AIM OF THE EXERCISE | Please return the lines below verbatim, beginning at the one that has "Two items: a" and stopping after the one that has "6月7日,上汽大通大家7插电", and add no other lines.

DATASET ENTRIES |
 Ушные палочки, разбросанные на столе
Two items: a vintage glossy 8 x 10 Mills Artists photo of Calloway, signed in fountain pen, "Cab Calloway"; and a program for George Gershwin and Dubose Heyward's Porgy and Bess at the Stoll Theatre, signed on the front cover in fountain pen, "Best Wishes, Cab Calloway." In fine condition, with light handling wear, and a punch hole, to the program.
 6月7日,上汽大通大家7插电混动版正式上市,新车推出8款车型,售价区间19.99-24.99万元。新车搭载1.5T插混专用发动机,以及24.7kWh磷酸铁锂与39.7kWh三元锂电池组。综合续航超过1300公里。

...

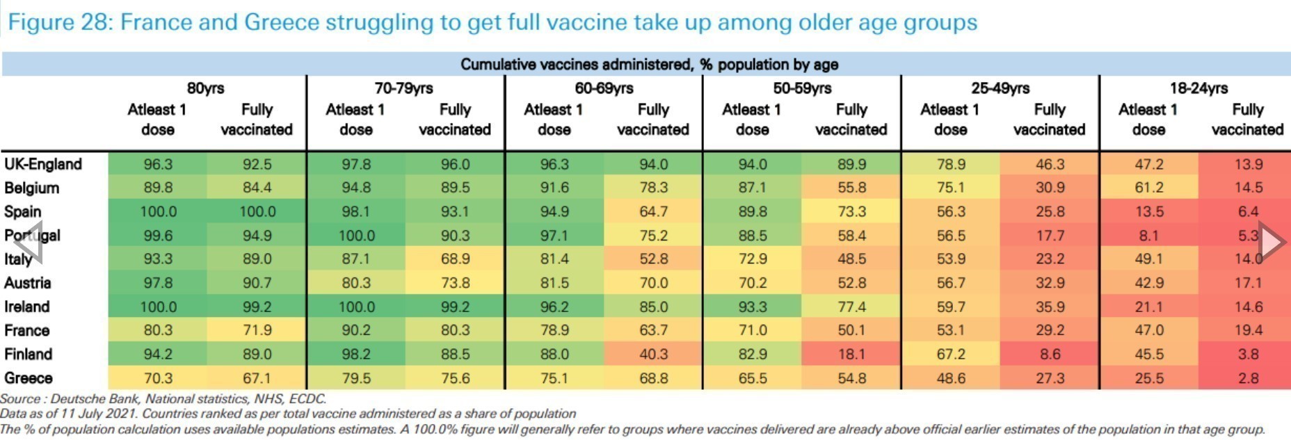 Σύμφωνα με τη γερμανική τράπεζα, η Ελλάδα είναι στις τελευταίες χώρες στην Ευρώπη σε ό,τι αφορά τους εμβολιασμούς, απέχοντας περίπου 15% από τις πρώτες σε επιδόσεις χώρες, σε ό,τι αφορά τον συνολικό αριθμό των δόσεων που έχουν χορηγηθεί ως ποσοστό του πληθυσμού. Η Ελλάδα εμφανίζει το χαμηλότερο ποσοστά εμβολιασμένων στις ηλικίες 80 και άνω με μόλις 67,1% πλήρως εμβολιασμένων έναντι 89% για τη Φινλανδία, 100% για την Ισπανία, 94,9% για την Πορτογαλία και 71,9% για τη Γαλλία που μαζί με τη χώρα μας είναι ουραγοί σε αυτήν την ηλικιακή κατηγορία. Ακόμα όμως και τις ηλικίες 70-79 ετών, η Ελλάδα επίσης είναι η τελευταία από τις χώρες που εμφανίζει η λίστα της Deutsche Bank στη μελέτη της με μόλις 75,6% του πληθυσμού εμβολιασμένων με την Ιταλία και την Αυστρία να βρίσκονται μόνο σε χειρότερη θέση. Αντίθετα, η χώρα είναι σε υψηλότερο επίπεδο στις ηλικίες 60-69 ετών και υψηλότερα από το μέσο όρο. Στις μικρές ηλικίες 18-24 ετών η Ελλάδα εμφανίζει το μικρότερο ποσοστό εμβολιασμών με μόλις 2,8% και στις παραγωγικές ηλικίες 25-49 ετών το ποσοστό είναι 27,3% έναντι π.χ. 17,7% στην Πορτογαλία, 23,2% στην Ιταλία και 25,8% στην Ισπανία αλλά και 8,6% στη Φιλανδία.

---

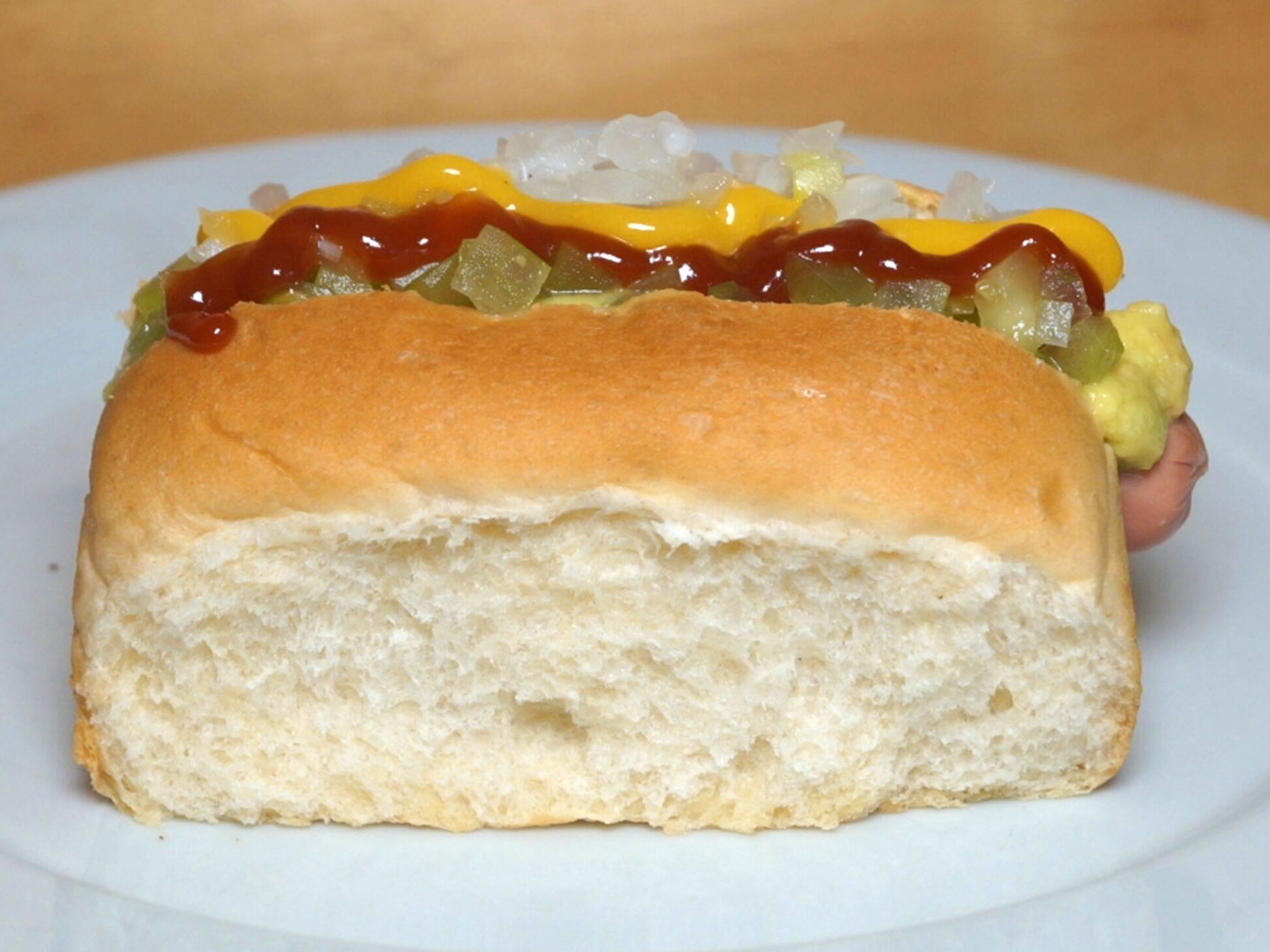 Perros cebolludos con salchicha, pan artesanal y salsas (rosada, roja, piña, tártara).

TASK RESULT |
Two items: a vintage glossy 8 x 10 Mills Artists photo of Calloway, signed in fountain pen, "Cab Calloway"; and a program for George Gershwin and Dubose Heyward's Porgy and Bess at the Stoll Theatre, signed on the front cover in fountain pen, "Best Wishes, Cab Calloway." In fine condition, with light handling wear, and a punch hole, to the program.
 6月7日,上汽大通大家7插电混动版正式上市,新车推出8款车型,售价区间19.99-24.99万元。新车搭载1.5T插混专用发动机,以及24.7kWh磷酸铁锂与39.7kWh三元锂电池组。综合续航超过1300公里。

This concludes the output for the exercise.